- Born: 1969 (age 56–57)
- Spouse: Paul Romer ​(m. 2018)​

Academic background
- Education: B.A., literature, 1991, Harvard University MA, MPhil, PhD, French literature, 1998, Yale University
- Thesis: The limits of "saying everything": terrorist suppressions and unspeakable difference in Rousseau, Sade, Robespierre, Saint-Just, and Desmoulins (1998)

Academic work
- Discipline: Literature
- Institutions: University of Pennsylvania Columbia University
- Main interests: Eighteenth Century French literature Cultural history
- Notable works: Proust's Duchess: How Three Celebrated Women Captured the Imagination of Fin-de-Siècle Paris; Queen of Fashion: What Marie Antoinette Wore to the Revolution;

= Caroline Weber (writer) =

American author

Caroline Elizabeth Weber (born 1969) is an American author. She is a professor of French and comparative literature at Barnard College within Columbia University. Her book Proust's Duchess was a finalist for the 2019 Pulitzer Prize for Biography or Autobiography.

==Early life and education==
Weber was born in 1969. She received her Bachelor of Arts degree in literature (summa cum laude) from Harvard University and her PhD in French literature from Yale University.

==Career==
After earning her PhD, Weber joined the faculty at the University of Pennsylvania as an assistant professor of Romance languages. While at the University of Pennsylvania, she authored Terror and its Discontents: Suspect Words and the French Revolution and co-edited Fragments of Revolution with Howard G. Lay.

After seven years at the University of Pennsylvania, Weber joined the faculty at Columbia University as a professor of French and comparative literature. While there, her book Queen of Fashion: What Marie-Antoinette Wore to the French Revolution was published in 2007 and described Marie Antoinette's life starting from her arrival from Austria into France. The biographical novel focused on Marie Antoinette's control over her image through her autonomy of fashion.
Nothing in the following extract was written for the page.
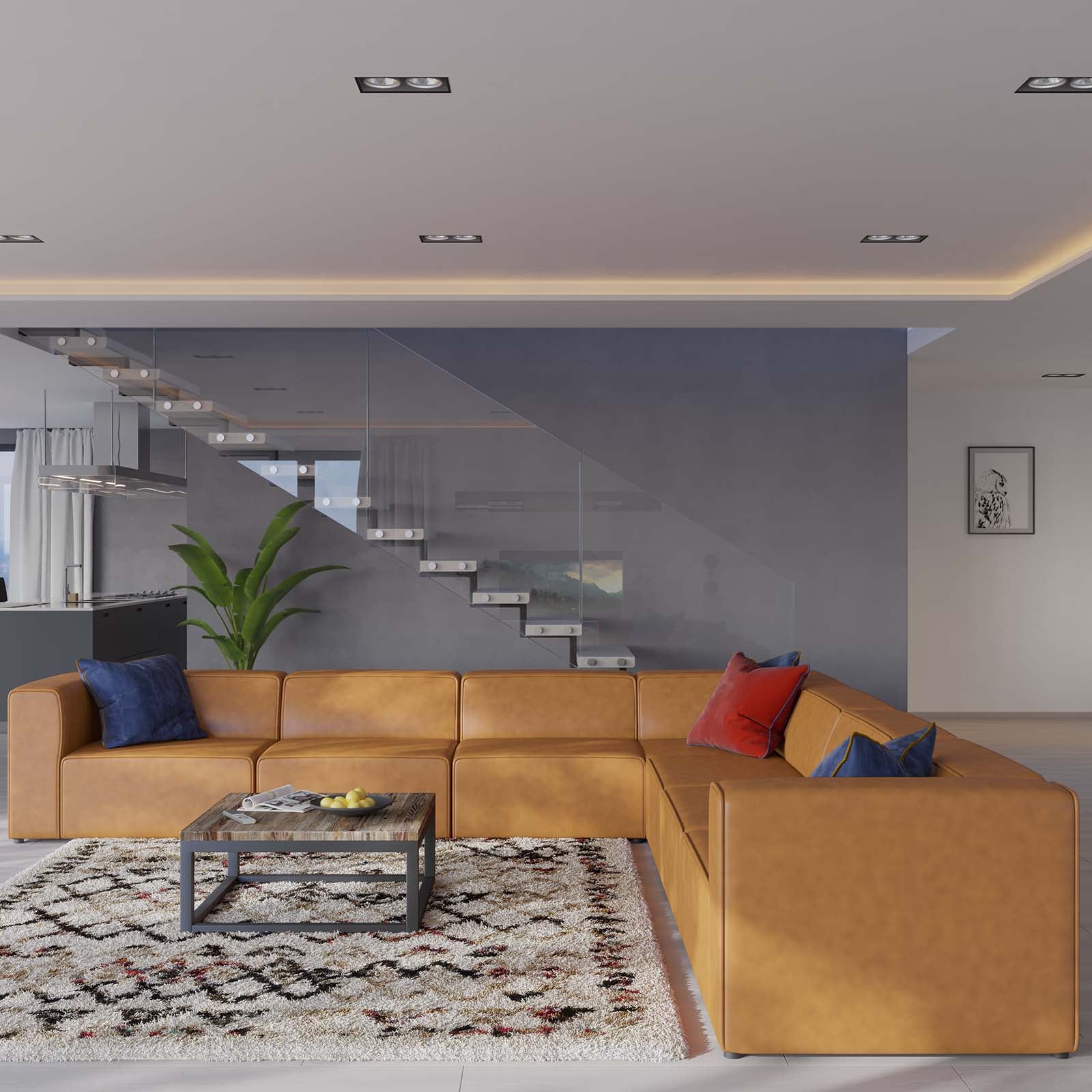 Moda 7-Seater Corner Sectional in Tan Vegan Leather
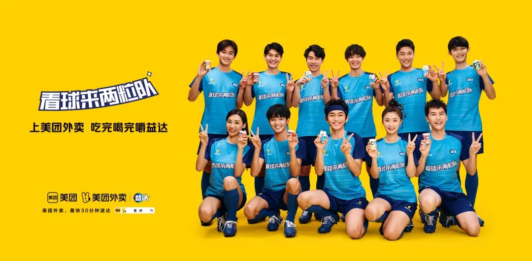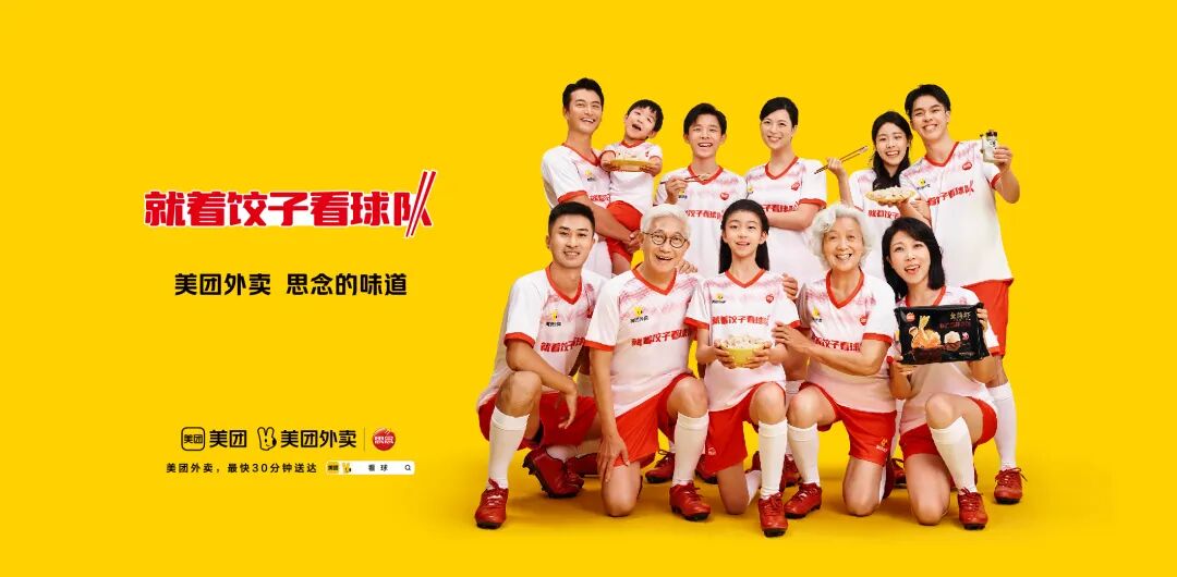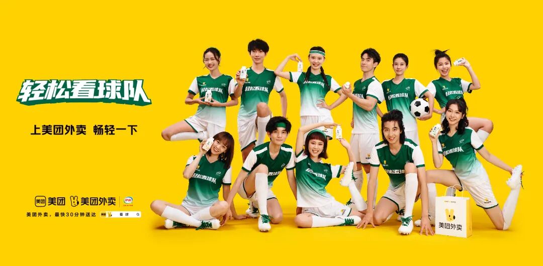 疫后时代,中国球迷在世界杯期间,更多选择宅家看球,点外卖吃夜宵自然也成了球迷熬夜看球的选择。美团外卖精准洞察球迷熬夜看球的刚需,联合18个品牌,赞助了18支球迷队,结合球迷语言,建立新的品牌沟通策略。

While conducting research for her book Proust's Duchess: How Three Celebrated Women Captured the Imagination of Fin-de-Siècle Paris, Weber discovered one unknown and one lost essay by Marcel Proust about Parisian high society. As she was sifting through Élisabeth Greffulhe's personal archive, Weber discovered an unfinished and unpublished essay by Proust from 1902 to 1903 titled "The Salon of the Comtesse Greffulhe." Greffulhe's husband had ordered her to not publish the essay for its vulgar contents, which she agreed to in fear of being beaten. Weber used these essays to trace the lives of three high-society female models for the Duchesse de Guermantes, from childhood to adulthood, in In Search of Lost Time, Proust's novel in seven volumes. Upon publishing the book, Weber was named a finalist for the 2019 Pulitzer Prize for Biography or Autobiography and received the 2019 French Heritage Society Literary Award.

==Personal life==
Weber is married to economist Paul Romer. Their wedding occurred in 2018, the morning Romer accepted his Nobel Memorial Prize in Economic Sciences.